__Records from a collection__
# # #

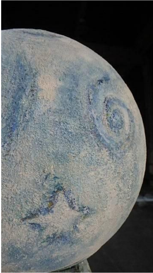
Planisphère céleste , peinture et pigments naturels

Claire Guerry, artiste multi-faces, crée des états, des forces, des silences ; Ponts entre visible et invisible.
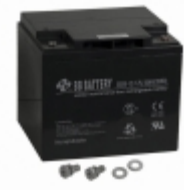
EB50-12-I2 B B Battery BATTERY LEAD ACID 12V 50AH
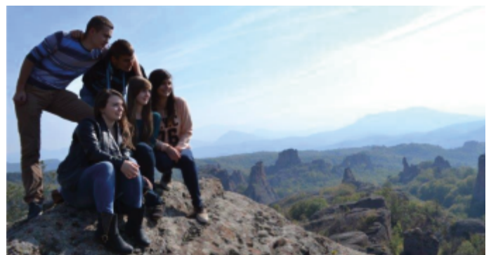
Uczniowie liceum na tle skałek w Belogradchik
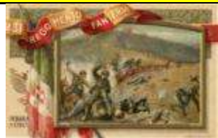
600 MILA MORTI PER CONQUISTARE 15 KM DI MONTAGNA

SABATO 10 MARZO 2018 - ORE 16 LA MOSTRA "LA MONTAGNA TRA PAESAGGIO E MUSICA" SARA' INAUGURATA AL CENTRO CIVICO LIBERTHUB - A MONZA IN VIA LIBERTA' 144 - CON CANTI E POESIE DELLA TRADIZIONE MONTANARA E ALPINA E DELLA GRANDE GUERRA PER IL CENTENARIO DELLA VITTORIA - 1915- 1918 IN OMAGGIO A EMILIO LUSSU - SOLDATO E AUTORE DEL LIBRO UN ANNO SULL'ALTIPIANO
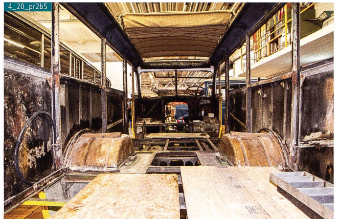
Bild 5. Dieses ehemalige Postauto wird komplett restauriert – für die Realisierung des Grossprojekts sind noch unzählige Arbeitsstunden erforderlich.

Petrol und Benzin wurden anfänglich bei Nutzfahrzeugen als Treibstoff eingesetzt. Selbst Rudolf Diesel half 1908 im Saurer-Werk mit, einen nach ihm benannten Motor herzustellen. Leider dauerte es – bedingt durch den Ersten Weltkrieg – bis 1928, um einen serientauglichen Dieselmotor auf den Markt zu bringen. Anfänglich kam das Acro-Luftspeicherverfahren zum Einsatz, welches von Franz Lang entwickelt wurde und dessen Patente Bosch seit 1925 innehat. Saurer entwickelte das Luftspeicherverfahren weiter und ab 1934 wurde das Saurer-Kreuzstromverfahren zur direk-
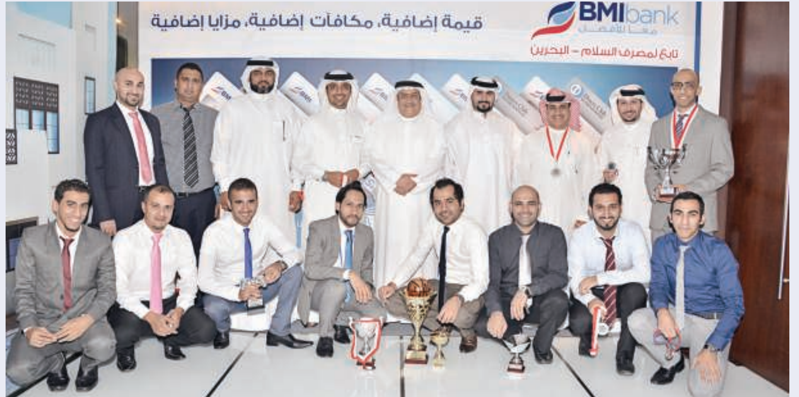
موظفو البنك في ختام دورة الألعاب الرمضانية

من ناحية أخرى، قام ساتر بتسليم فريق كرة القدم في البنك شهادات تقدير لحصولهم على المركز الثالث في بطولة كرة القدم لمركز البحرين التجاري العالمي التي تم تنظيمها للمستأجرين.
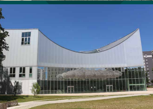
Nouveau conservatoire de Rennes
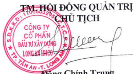
Đặng Chính Trung
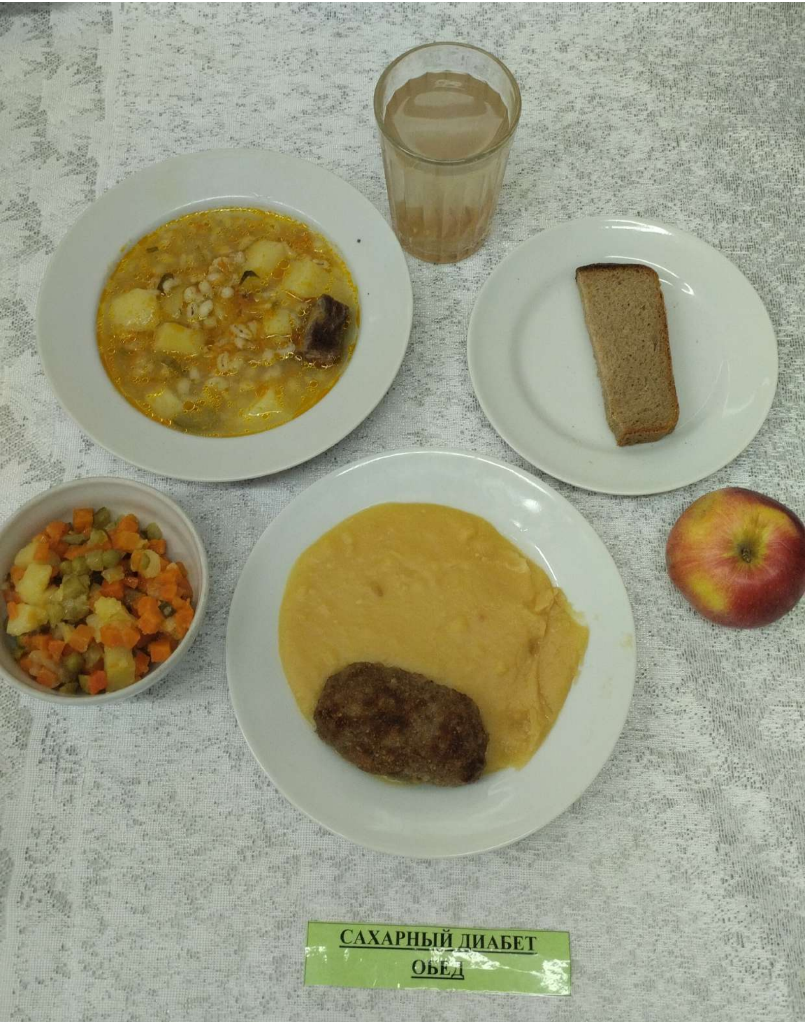
САХАРНЫЙ ДИАБЕТ ОБЕД
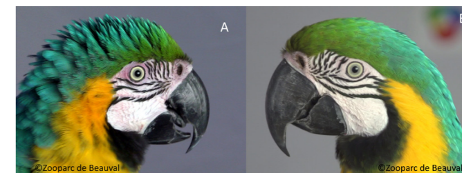
A) un ara avec les plumes de la calotte (dessus de la tête) et de la nuque dressées et la peau des joues rougie ; B) un ara avec les plumes de la calotte et de la nuque lisses et la peau des joues blanche.

L'ensemble de l'expérience a été filmé et une image a été extraite toutes les 5 secondes pour chaque caille. Avec un logiciel d'analyse d'images, les scientifiques ont mesuré trois paramètres sur les images : la hauteur des plumes de la calotte, l'angle formé par les plumes de la gorge et la surface de la pupille. L'hypothèse des scientifiques était que s'il existait des indicateurs faciaux d'émotions positives, de plus amples variations dans ces paramètres devraient être observées chez les cailles les moins peureuses (i.e. plus à même d'évaluer positivement leur environnement) que chez les cailles les plus peureuses (i.e. plus à même d'évaluer négativement leur environnement). Les scientifiques ont ainsi pu montrer un dressement des plumes de la calotte et une

# # #

__Task item__
Restate word for word every line from the top of the entries above to the line with "A) un ara avec", inclusive, and skip any pictures.

__Written response__
Planisphère céleste , peinture et pigments naturels

Claire Guerry, artiste multi-faces, crée des états, des forces, des silences ; Ponts entre visible et invisible.
EB50-12-I2 B B Battery BATTERY LEAD ACID 12V 50AH
Uczniowie liceum na tle skałek w Belogradchik
600 MILA MORTI PER CONQUISTARE 15 KM DI MONTAGNA

SABATO 10 MARZO 2018 - ORE 16 LA MOSTRA "LA MONTAGNA TRA PAESAGGIO E MUSICA" SARA' INAUGURATA AL CENTRO CIVICO LIBERTHUB - A MONZA IN VIA LIBERTA' 144 - CON CANTI E POESIE DELLA TRADIZIONE MONTANARA E ALPINA E DELLA GRANDE GUERRA PER IL CENTENARIO DELLA VITTORIA - 1915- 1918 IN OMAGGIO A EMILIO LUSSU - SOLDATO E AUTORE DEL LIBRO UN ANNO SULL'ALTIPIANO
Bild 5. Dieses ehemalige Postauto wird komplett restauriert – für die Realisierung des Grossprojekts sind noch unzählige Arbeitsstunden erforderlich.

Petrol und Benzin wurden anfänglich bei Nutzfahrzeugen als Treibstoff eingesetzt. Selbst Rudolf Diesel half 1908 im Saurer-Werk mit, einen nach ihm benannten Motor herzustellen. Leider dauerte es – bedingt durch den Ersten Weltkrieg – bis 1928, um einen serientauglichen Dieselmotor auf den Markt zu bringen. Anfänglich kam das Acro-Luftspeicherverfahren zum Einsatz, welches von Franz Lang entwickelt wurde und dessen Patente Bosch seit 1925 innehat. Saurer entwickelte das Luftspeicherverfahren weiter und ab 1934 wurde das Saurer-Kreuzstromverfahren zur direk-
موظفو البنك في ختام دورة الألعاب الرمضانية

من ناحية أخرى، قام ساتر بتسليم فريق كرة القدم في البنك شهادات تقدير لحصولهم على المركز الثالث في بطولة كرة القدم لمركز البحرين التجاري العالمي التي تم تنظيمها للمستأجرين.
Nouveau conservatoire de Rennes
Đặng Chính Trung
САХАРНЫЙ ДИАБЕТ ОБЕД
A) un ara avec les plumes de la calotte (dessus de la tête) et de la nuque dressées et la peau des joues rougie ; B) un ara avec les plumes de la calotte et de la nuque lisses et la peau des joues blanche.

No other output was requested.